◆ Work required ◆
Write out every line below again exactly as it stands, skipping each image.
Supplied information section start
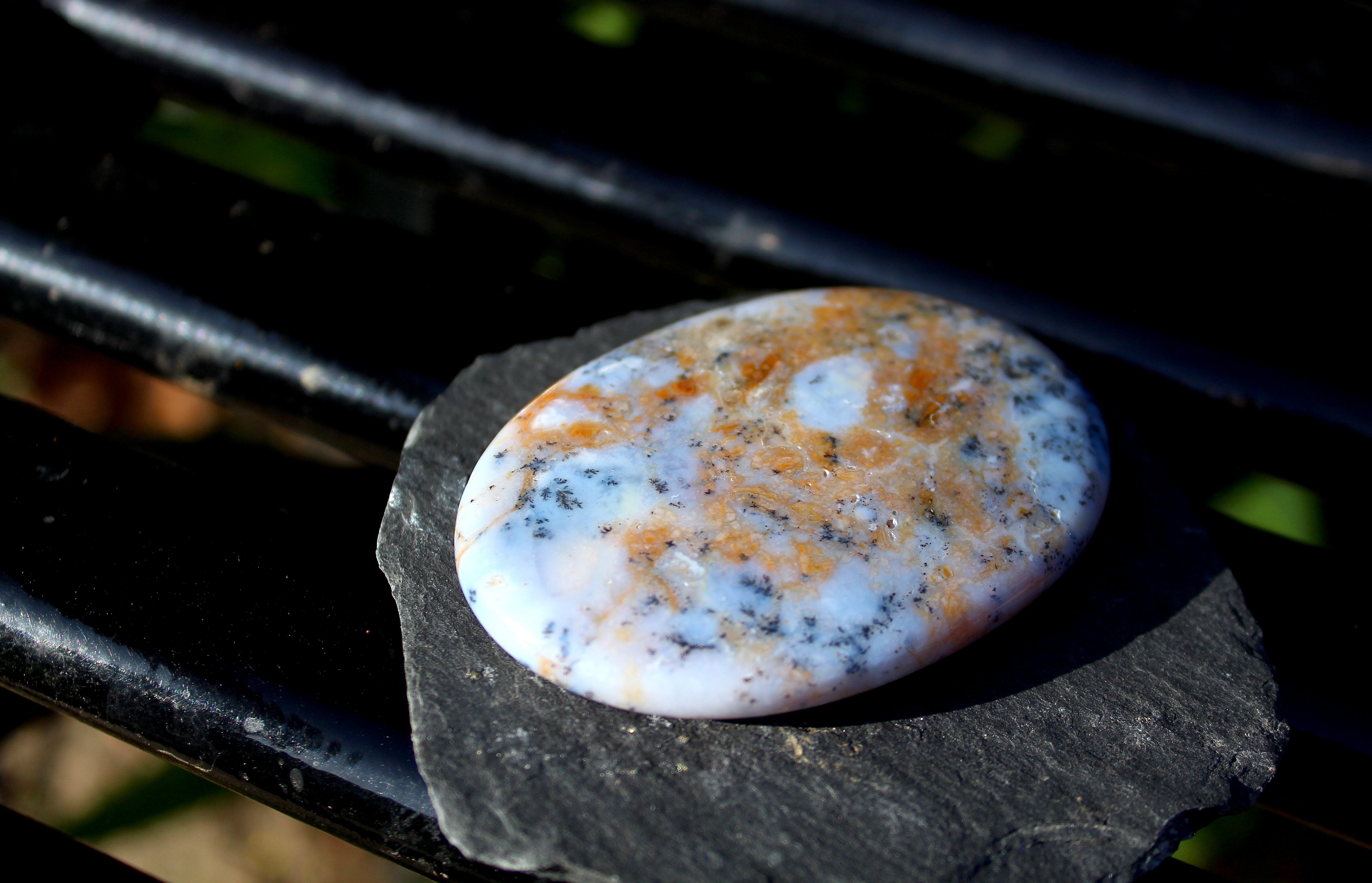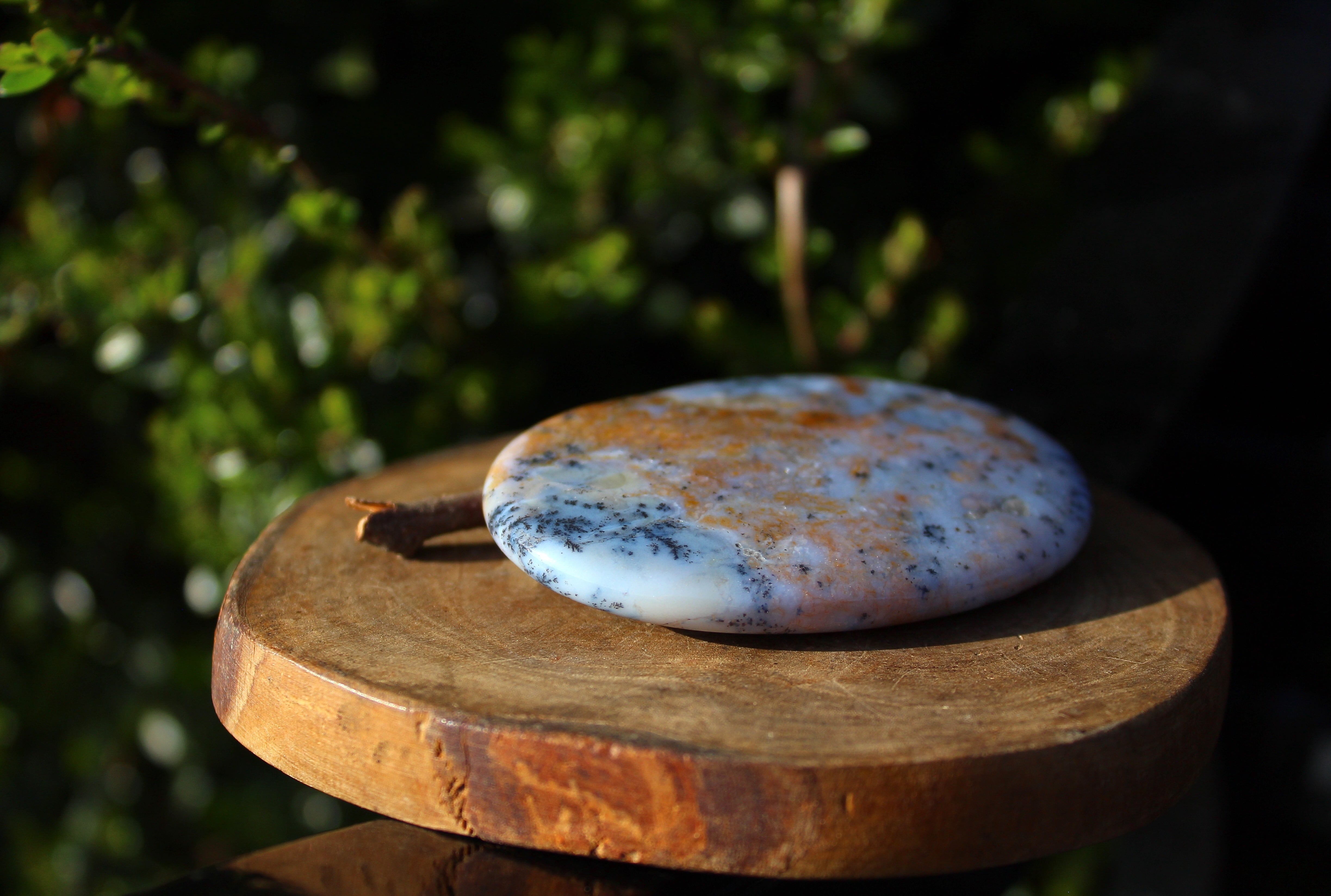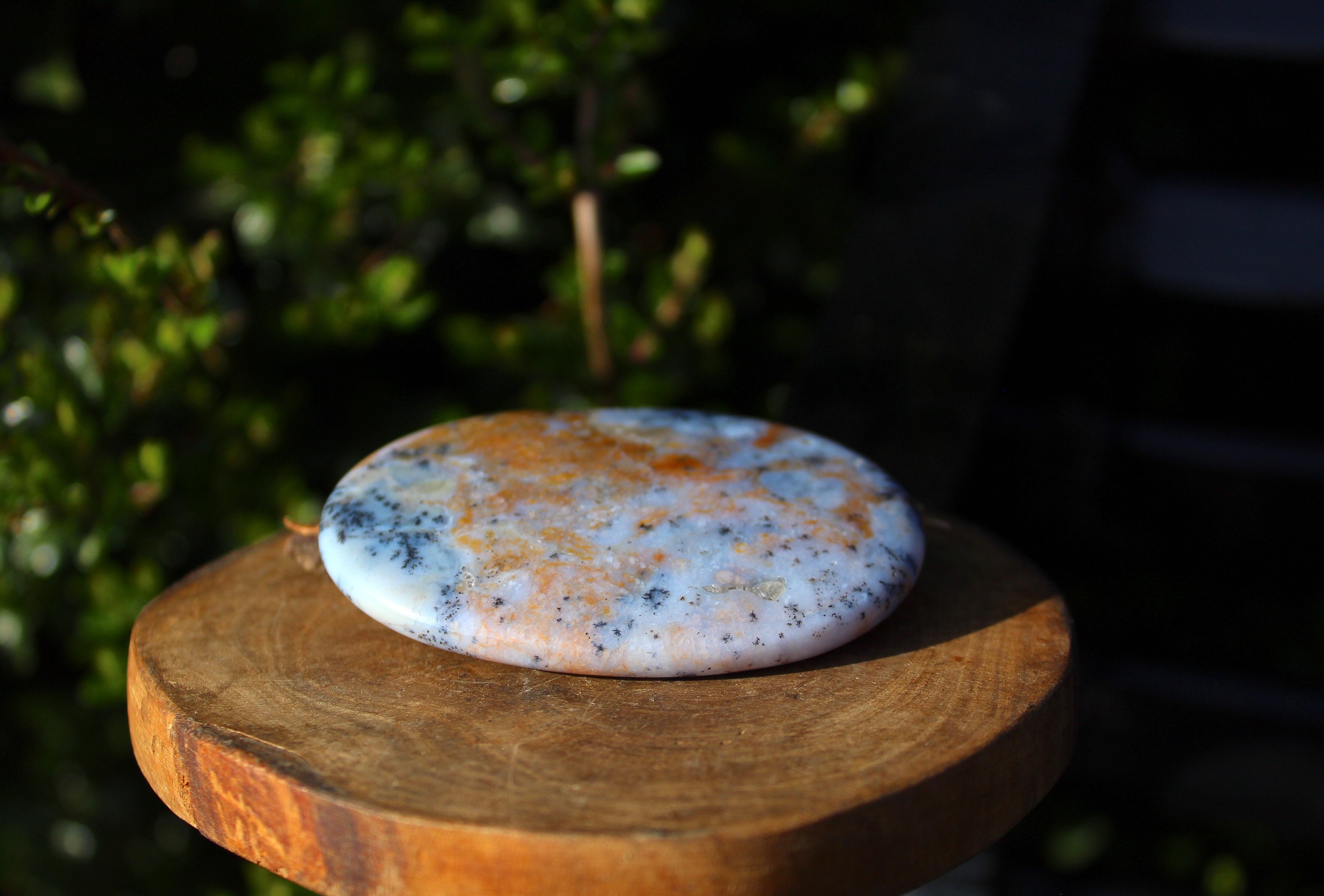 白、黒、茶色のミックスが、なんとも神秘的でなパームストーンです。
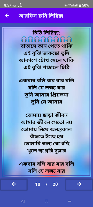 আমাদের এই অ্যাপে কণ্ঠশিল্পী আরফিন রুমির জনপ্রিয় লিরিক্স গুলো উপভোগ পারবেন পারবেন পারবেন
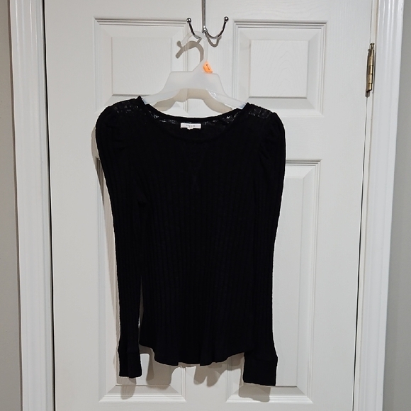 Maurices black ribbed, lightweight sweater. It has cuff sleeves and a lace detail on the shoulders also a v cut out on front. This is super soft and comfy.
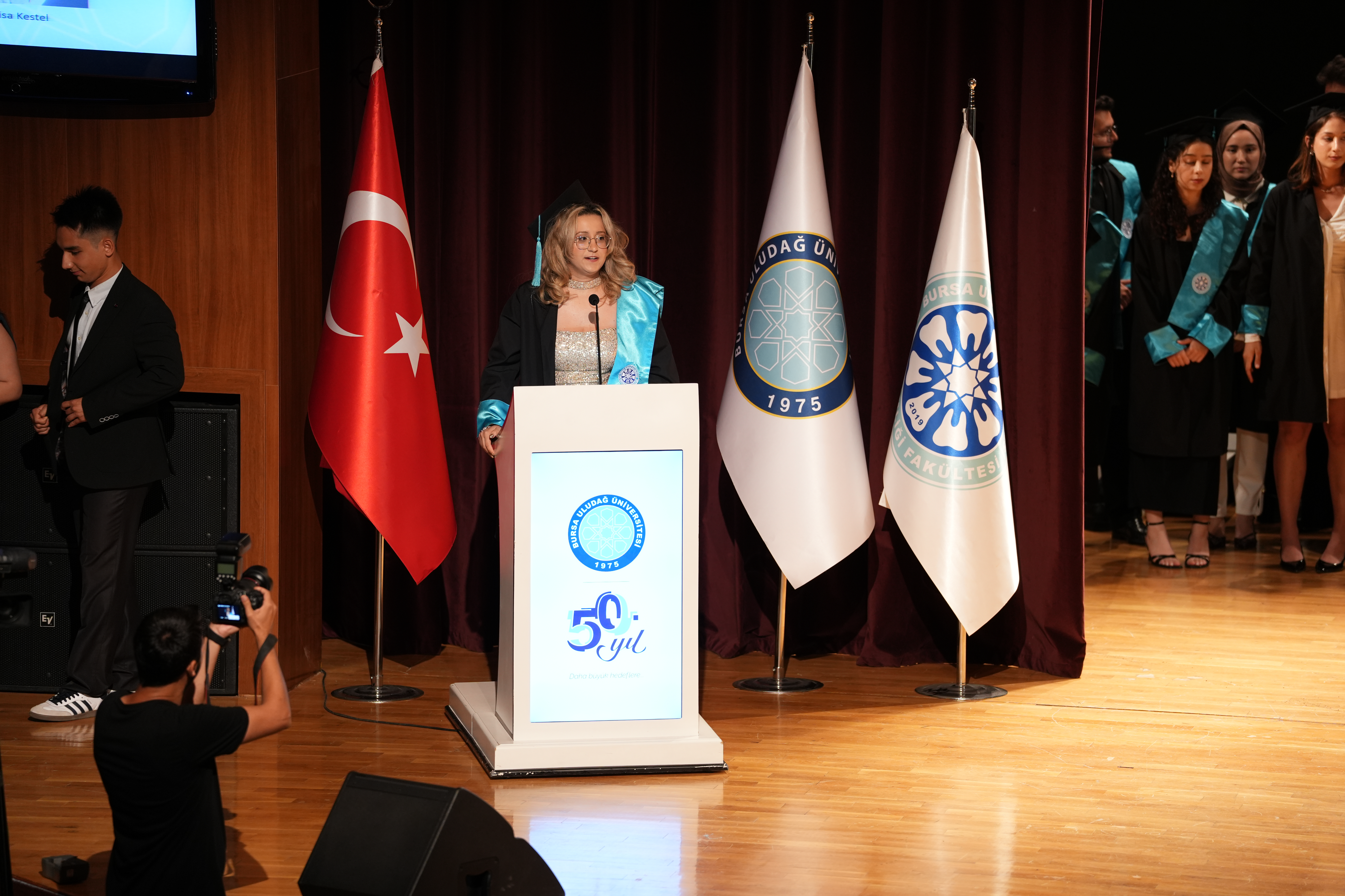 Rektör Prof. Dr. Ferudun YILMAZ ise Fakültenin kısa sürede önemli bir gelişim kaydettiğini, ilk mezunların Fakültenin geleceğini aydınlatan bir ışık olduğunu vurguladı. Öğrencilerin meslek hayatında ülkeye ve insanlığa değerli katkılar sağlayacağına inandığını belirten YILMAZ, aileleri de gösterdikleri fedakârlık için tebrik etti.
Supplied information section end
◆ Output of the exercise ◆
 白、黒、茶色のミックスが、なんとも神秘的でなパームストーンです。
 আমাদের এই অ্যাপে কণ্ঠশিল্পী আরফিন রুমির জনপ্রিয় লিরিক্স গুলো উপভোগ পারবেন পারবেন পারবেন
 Maurices black ribbed, lightweight sweater. It has cuff sleeves and a lace detail on the shoulders also a v cut out on front. This is super soft and comfy.
 Rektör Prof. Dr. Ferudun YILMAZ ise Fakültenin kısa sürede önemli bir gelişim kaydettiğini, ilk mezunların Fakültenin geleceğini aydınlatan bir ışık olduğunu vurguladı. Öğrencilerin meslek hayatında ülkeye ve insanlığa değerli katkılar sağlayacağına inandığını belirten YILMAZ, aileleri de gösterdikleri fedakârlık için tebrik etti.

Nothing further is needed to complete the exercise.